Online Domain Adaptive Classification for Mobile-to-Edge Computing

Abstract

A key challenge of today’s systems is the mismatch between the high computational demands of modern neural network models for data analysis and the severely limited resources of mobile devices. Existing solutions focus on model simplification and task offloading to compute-capable edge servers. The former often leads to performance degradation, whereas the latter requires the transfer of information-rich signals and is subject to the impairments of wireless channels. To address these issues, a framework that establishes a novel form of collaboration between mobile devices and edge servers is proposed herein. The core idea is to deploy lightweight models on mobile devices that are intelligently updated to match the current, and local, distribution of the samples being observed. The framework develops the temporal patterns of the samples to determine the optimal model update policy, as well as channel resources allocated to the mobile users. The performance of the proposed framework is evaluated via extensive experiments with both synthetic and real-world datasets.

Motivations

Offloading data to the edge server (ES) is inconvenient as it may clog a constrained communication channel and misuse a powerful computational resource, whereas a simpler classifier (albeit tailored to the specific domain) would suffice for most of the samples.
The limitations of a local classifier available at an mobile device (MD) prevent it from reaching high accuracy as well as performing a proper domain adaptation in the first place.

Contributions

A two-tier architecture is proposed that enables adaptive online retraining by leveraging the ES and MDs collaboratively. ES assists MDs by training lightweight classifiers using periodically estimated distribution parameters, turning the domain adaptation and online learning challenges into mutually supportive tasks.
Instead of relying on full data offloading, the framework minimizes raw data transmission by offloading only critical samples. This reduces network congestion and optimizes the use of limited communication bandwidth between MDs and the ES.
The framework delivers domain-specific, low-complexity classifiers tailored to each MD’s local data distribution, enabling real-time adaptation in resource-constrained settings. Its effectiveness is quantified through a detailed analysis of the tradeoff between classification accuracy and data offloading, along with a dynamic performance assessment under domain drift conditions.

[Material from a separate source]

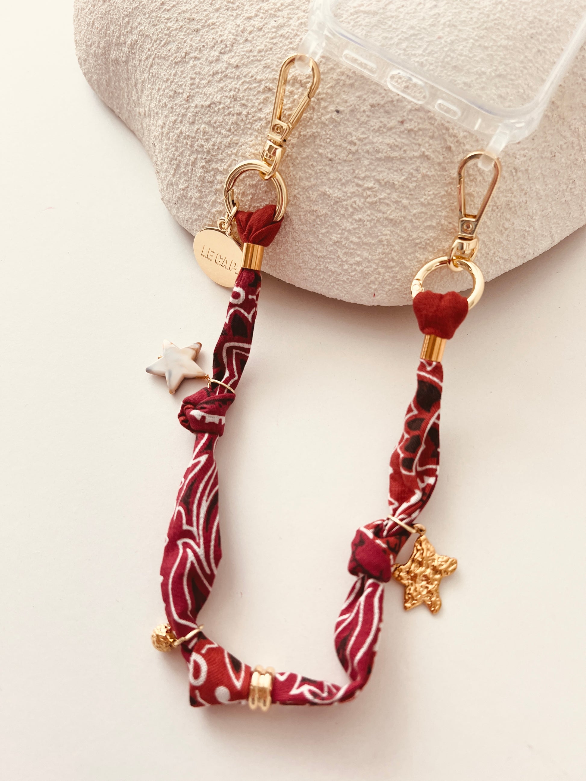 Knotted cotton bandana wrist strap with charm and bead detail.

Results for Synthetic Dataset

Accuracy: Due to variations in data domains, prediction accuracy is influenced by both the fraction of data offloaded to the edge server (ES) and the number of local adaptation domains (LADs) used in the local online domain-constrained classification. To capture this relationship, we define an objective function that depends on both the offloading fraction and the number of LADs. The results imply that by widening the range of the randomness for γ₁, the local classification domain (LCD) is more likely to move back and forth and with a faster shift speed. This increases the inefficiency of the current model for the classification of the samples. Thus, the model might need to be updated. However, the delay in updating the model decreases the probability of choosing the most adaptive model. As such, more samples must be offloaded to the ES for classification.

Results for Real-world Dataset (UNITE)

Recall: the figure shows the recall value for different scenarios without offloading samples to the ES. As seen in the figure, persistent updating of the model leads to high recall, which decreases if less frequent updating is used. This also leads to an increase in resource usage for the system. Furthermore, the results indicate that by increasing the shift speed, the recall decreases as well. Indeed, when the shift speed is low, the distribution of data does not change significantly, and thus, the current model provides good accuracy to the samples. On the other hand, increasing the shift speed leads to a momentous change in the distribution of the samples. As a result, the current model is not able to classify the samples accurately and a higher share is required to be offloaded to the ES. Hence, the offloading ratio increases.

Conclusion

In this paper, we proposed an online domain adaptive classification framework to perform a classification task leveraging the collaboration between an MD and the ES in a setting in which the distribution of the observed samples drifts over time. The proposed framework determines model updates and fine-grained offloading decisions. Simulation results implemented on both synthetic and real datasets reveal that the proposed framework can improve the accuracy of simple classifiers deployed at MDs while reducing resource usage. According to the results obtained from experiments, it is important to frequently update the model, possibly at every epoch, to get a satisfactory performance. However, this comes at a system cost, especially in terms of latency to receive the updated model.